▸ **What needs to be done**:
Exclude the pictures, then restate exactly each line of the data below from the first through the line containing "Sprechen wir mal".

[Records provided]

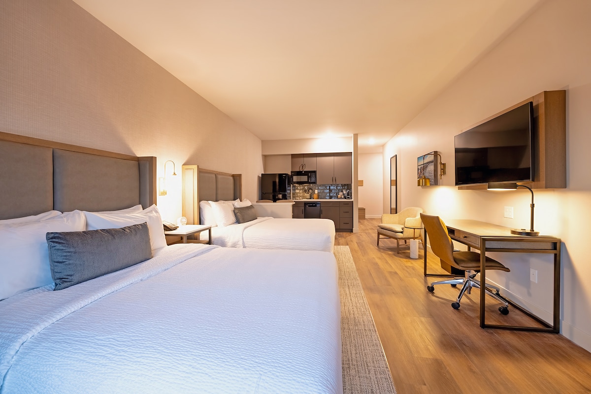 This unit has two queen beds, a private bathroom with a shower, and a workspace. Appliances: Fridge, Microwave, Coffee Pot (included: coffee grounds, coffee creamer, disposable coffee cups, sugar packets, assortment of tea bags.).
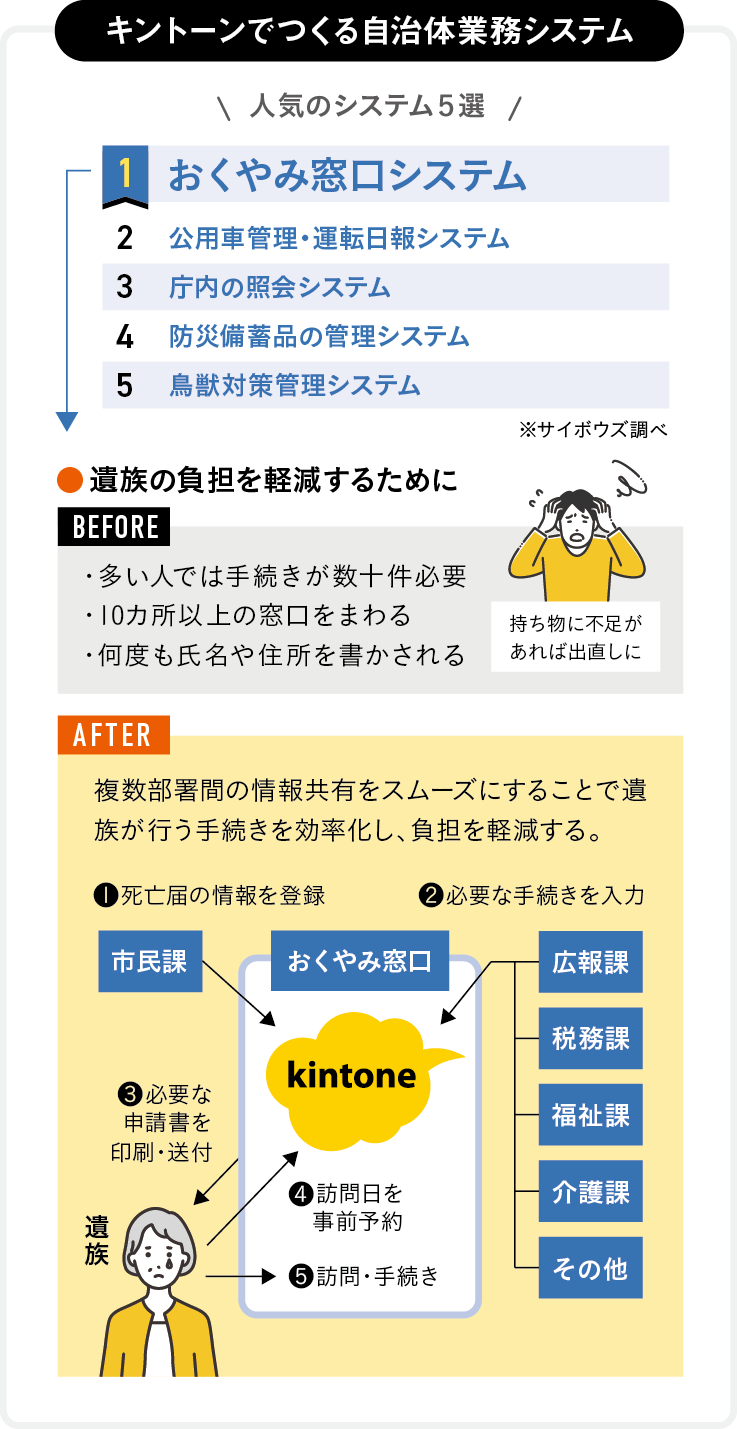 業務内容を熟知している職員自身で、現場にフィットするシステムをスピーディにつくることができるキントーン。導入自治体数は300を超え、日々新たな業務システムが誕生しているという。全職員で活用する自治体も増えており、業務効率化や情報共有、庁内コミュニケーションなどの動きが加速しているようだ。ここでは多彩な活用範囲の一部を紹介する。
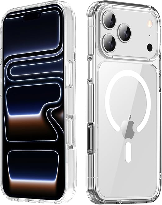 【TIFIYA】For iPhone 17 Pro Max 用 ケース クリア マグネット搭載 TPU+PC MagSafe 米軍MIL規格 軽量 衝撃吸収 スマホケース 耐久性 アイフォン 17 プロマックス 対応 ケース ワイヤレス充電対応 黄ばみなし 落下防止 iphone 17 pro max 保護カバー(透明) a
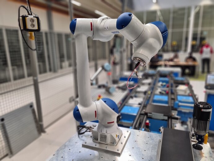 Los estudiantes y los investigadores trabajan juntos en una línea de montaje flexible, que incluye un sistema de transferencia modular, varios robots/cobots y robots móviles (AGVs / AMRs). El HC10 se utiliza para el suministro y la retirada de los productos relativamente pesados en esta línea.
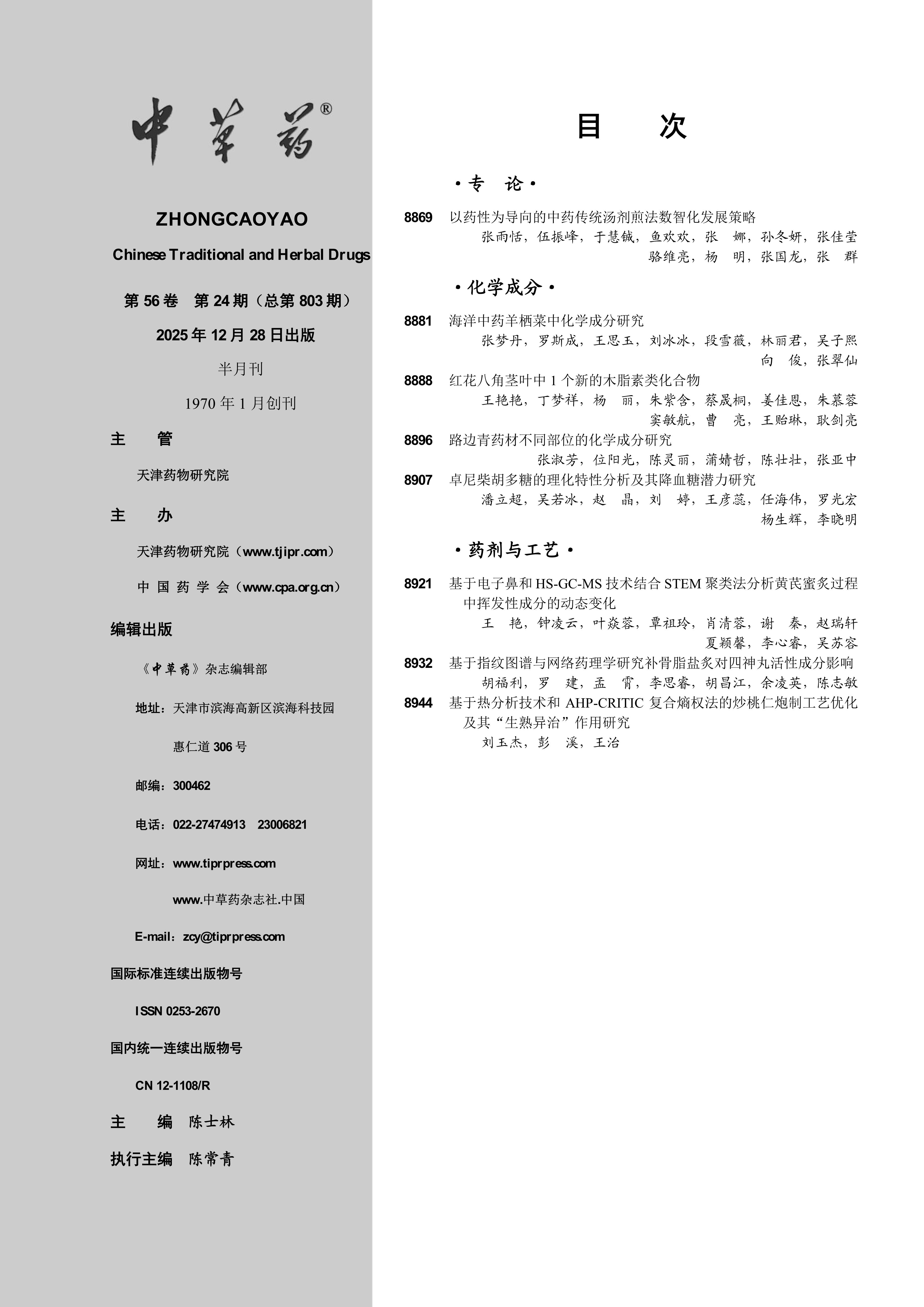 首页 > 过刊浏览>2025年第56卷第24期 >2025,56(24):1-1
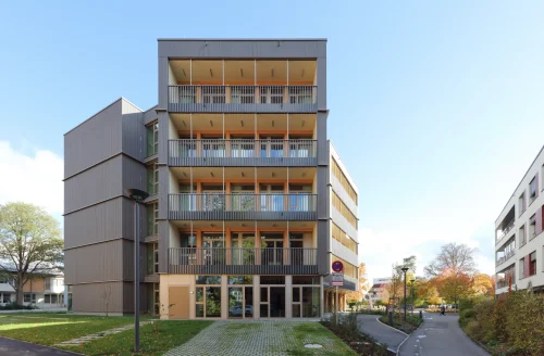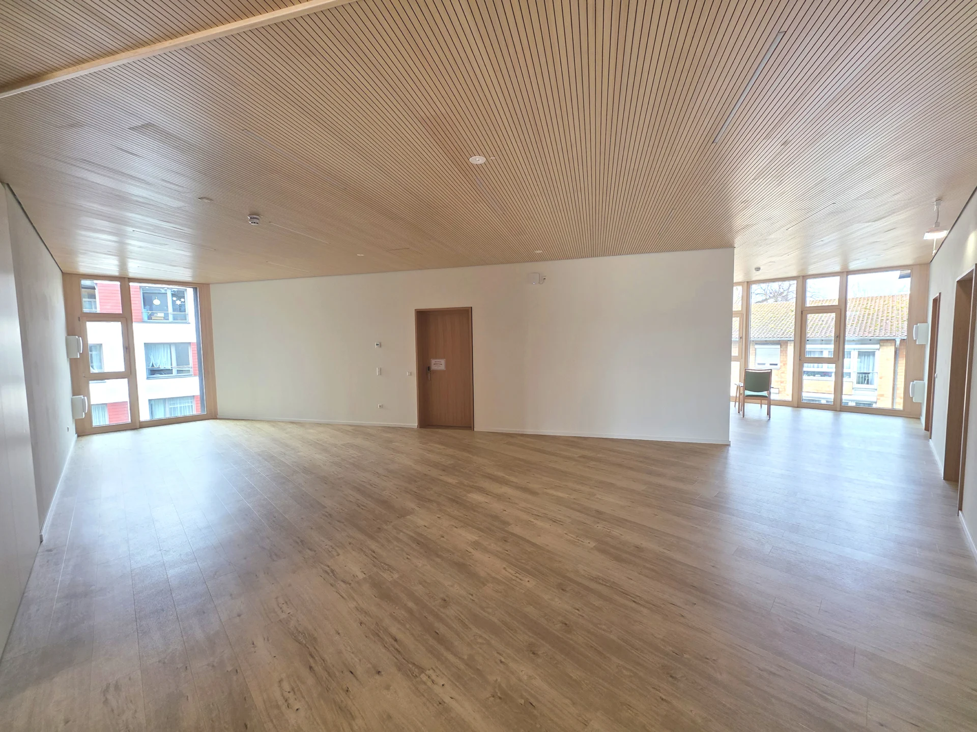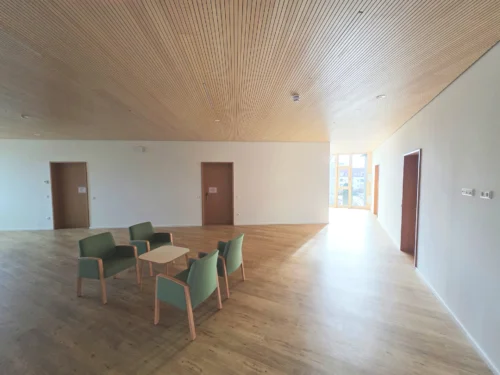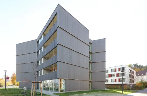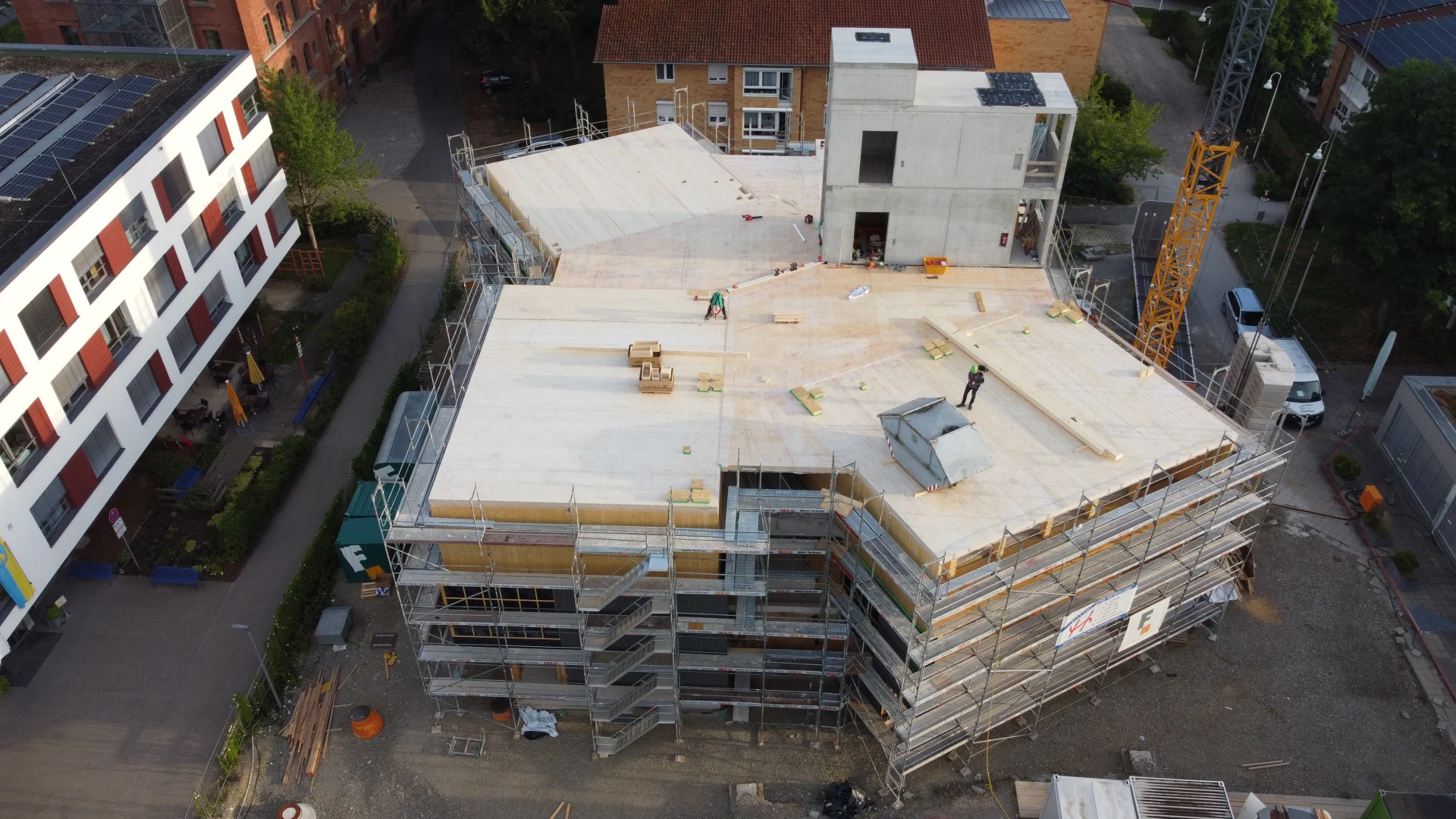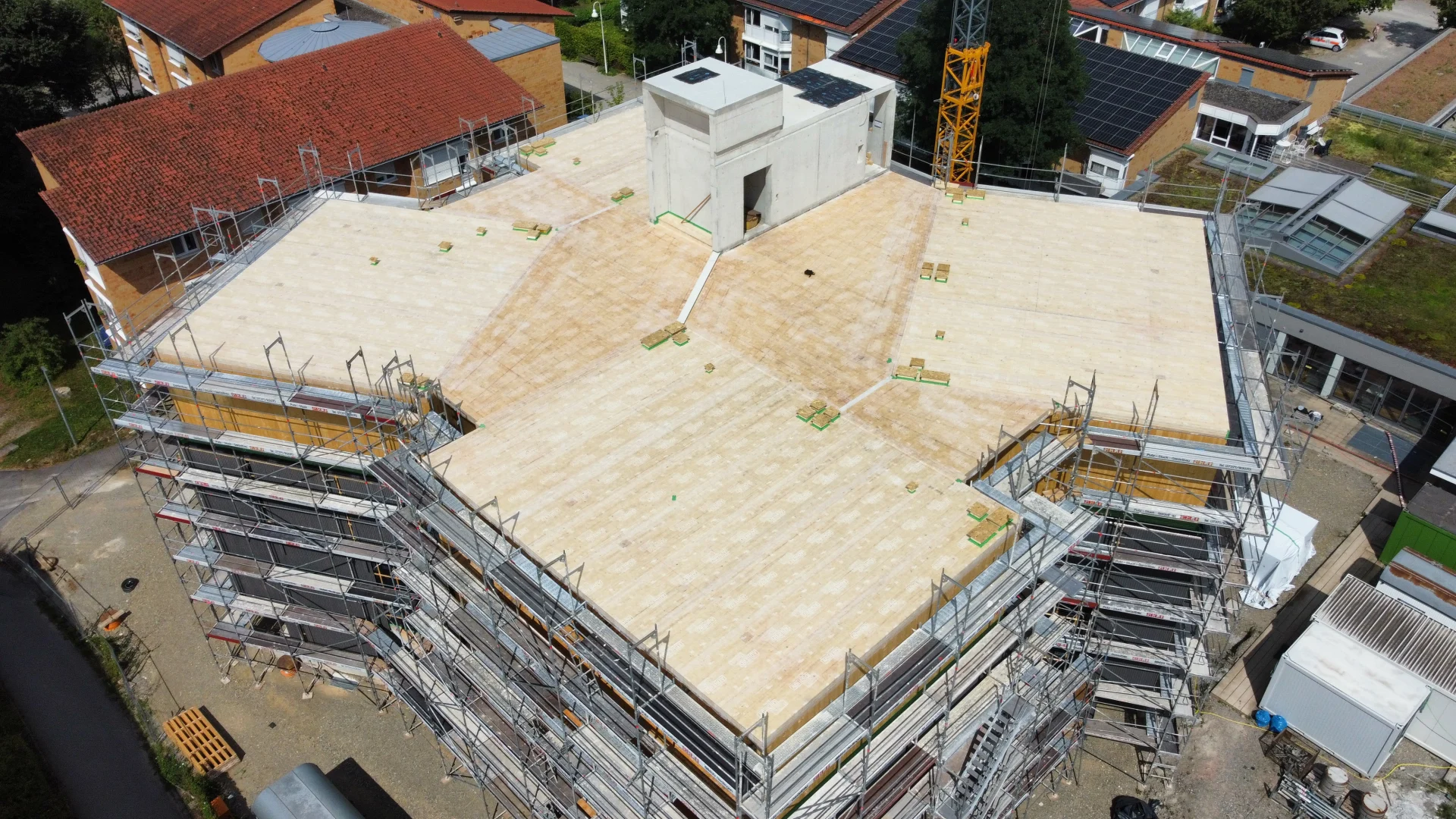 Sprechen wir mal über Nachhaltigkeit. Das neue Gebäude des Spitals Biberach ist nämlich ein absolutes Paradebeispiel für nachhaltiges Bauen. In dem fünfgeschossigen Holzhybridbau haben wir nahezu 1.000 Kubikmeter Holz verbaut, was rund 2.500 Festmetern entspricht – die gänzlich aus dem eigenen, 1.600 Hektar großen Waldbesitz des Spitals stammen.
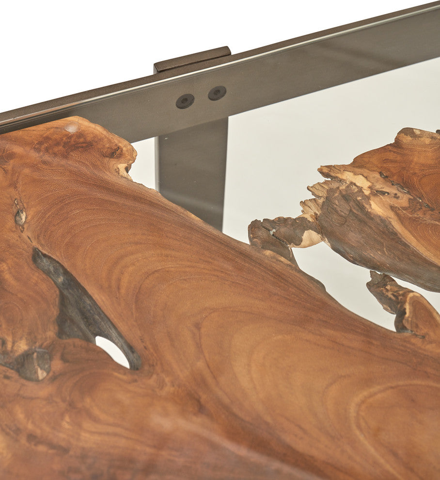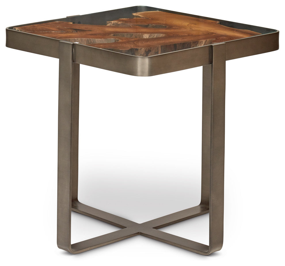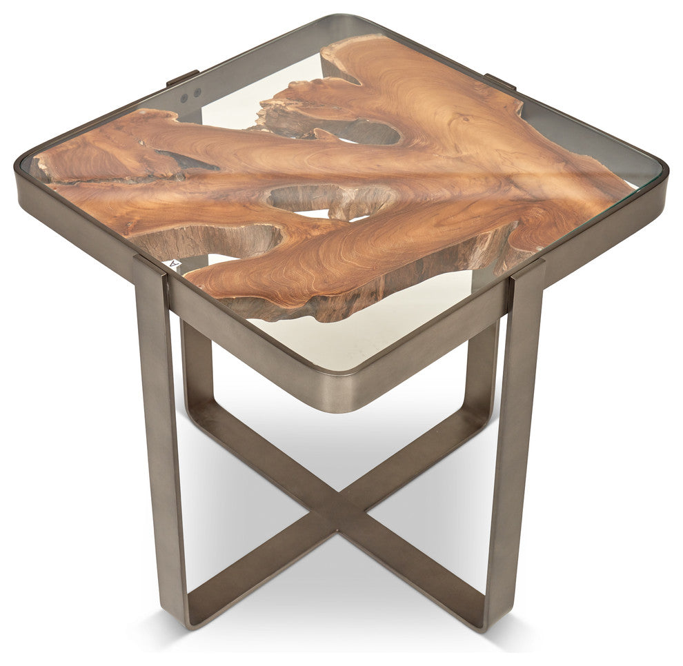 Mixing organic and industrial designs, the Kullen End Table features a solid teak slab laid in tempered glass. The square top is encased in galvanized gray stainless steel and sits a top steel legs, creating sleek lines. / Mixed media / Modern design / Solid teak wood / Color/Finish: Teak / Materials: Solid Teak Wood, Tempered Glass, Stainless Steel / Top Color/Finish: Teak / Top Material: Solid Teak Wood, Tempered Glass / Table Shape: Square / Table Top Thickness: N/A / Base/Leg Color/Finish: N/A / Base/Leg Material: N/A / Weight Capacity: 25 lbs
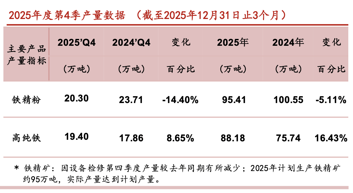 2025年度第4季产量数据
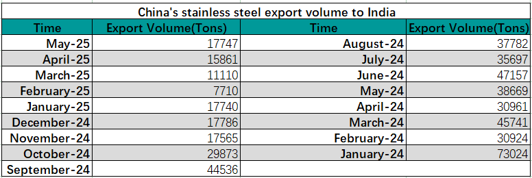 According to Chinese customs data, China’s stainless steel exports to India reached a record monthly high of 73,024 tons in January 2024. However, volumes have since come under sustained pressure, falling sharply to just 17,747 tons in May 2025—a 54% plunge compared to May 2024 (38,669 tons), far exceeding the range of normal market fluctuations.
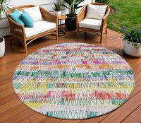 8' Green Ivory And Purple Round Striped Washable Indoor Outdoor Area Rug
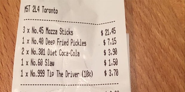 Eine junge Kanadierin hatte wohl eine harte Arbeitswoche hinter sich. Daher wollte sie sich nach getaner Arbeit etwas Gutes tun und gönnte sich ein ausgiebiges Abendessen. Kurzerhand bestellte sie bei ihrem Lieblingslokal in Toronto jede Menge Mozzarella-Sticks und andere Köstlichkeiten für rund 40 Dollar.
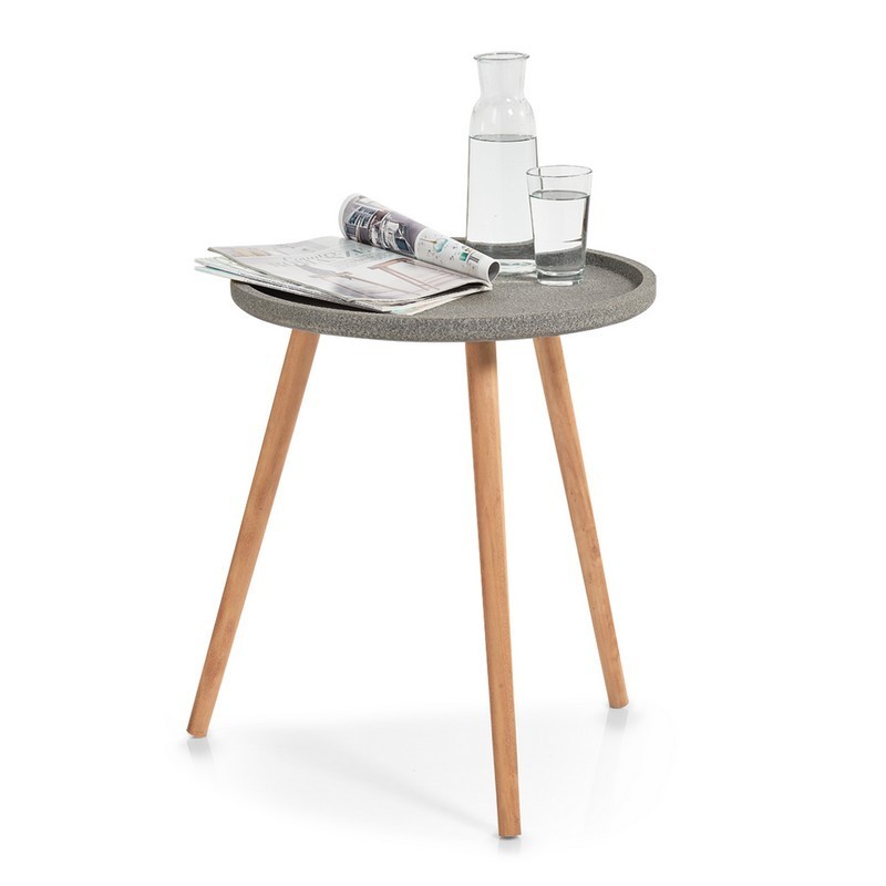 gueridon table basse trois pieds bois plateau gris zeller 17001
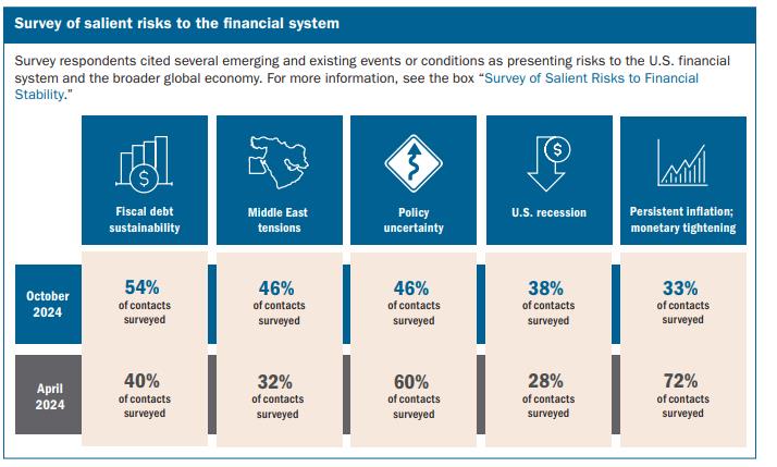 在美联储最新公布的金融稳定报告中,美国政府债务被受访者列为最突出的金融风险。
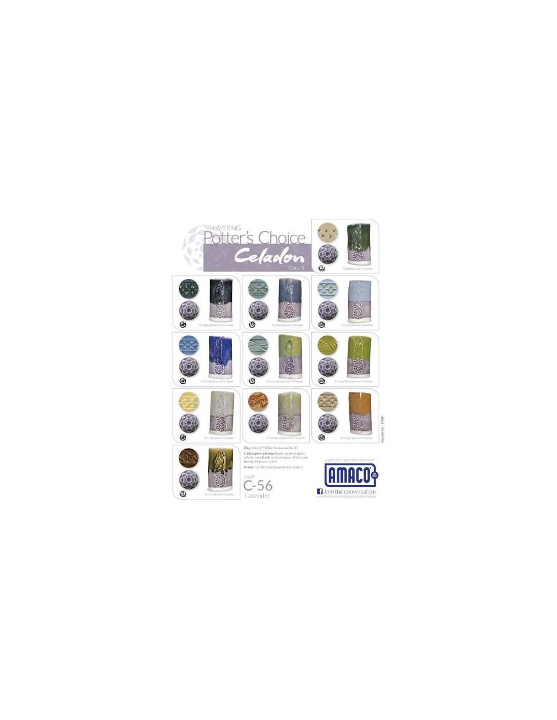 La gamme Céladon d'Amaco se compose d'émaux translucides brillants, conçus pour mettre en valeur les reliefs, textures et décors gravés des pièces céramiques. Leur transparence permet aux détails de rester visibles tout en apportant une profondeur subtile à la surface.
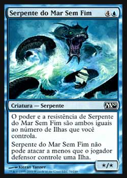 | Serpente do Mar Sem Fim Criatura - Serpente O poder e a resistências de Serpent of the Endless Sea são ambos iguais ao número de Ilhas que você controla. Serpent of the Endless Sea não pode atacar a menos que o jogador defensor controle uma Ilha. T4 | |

[/Records provided]

▸ **The completed task**:
 This unit has two queen beds, a private bathroom with a shower, and a workspace. Appliances: Fridge, Microwave, Coffee Pot (included: coffee grounds, coffee creamer, disposable coffee cups, sugar packets, assortment of tea bags.).
 業務内容を熟知している職員自身で、現場にフィットするシステムをスピーディにつくることができるキントーン。導入自治体数は300を超え、日々新たな業務システムが誕生しているという。全職員で活用する自治体も増えており、業務効率化や情報共有、庁内コミュニケーションなどの動きが加速しているようだ。ここでは多彩な活用範囲の一部を紹介する。
 【TIFIYA】For iPhone 17 Pro Max 用 ケース クリア マグネット搭載 TPU+PC MagSafe 米軍MIL規格 軽量 衝撃吸収 スマホケース 耐久性 アイフォン 17 プロマックス 対応 ケース ワイヤレス充電対応 黄ばみなし 落下防止 iphone 17 pro max 保護カバー(透明) a
 Los estudiantes y los investigadores trabajan juntos en una línea de montaje flexible, que incluye un sistema de transferencia modular, varios robots/cobots y robots móviles (AGVs / AMRs). El HC10 se utiliza para el suministro y la retirada de los productos relativamente pesados en esta línea.
 首页 > 过刊浏览>2025年第56卷第24期 >2025,56(24):1-1
 Sprechen wir mal über Nachhaltigkeit. Das neue Gebäude des Spitals Biberach ist nämlich ein absolutes Paradebeispiel für nachhaltiges Bauen. In dem fünfgeschossigen Holzhybridbau haben wir nahezu 1.000 Kubikmeter Holz verbaut, was rund 2.500 Festmetern entspricht – die gänzlich aus dem eigenen, 1.600 Hektar großen Waldbesitz des Spitals stammen.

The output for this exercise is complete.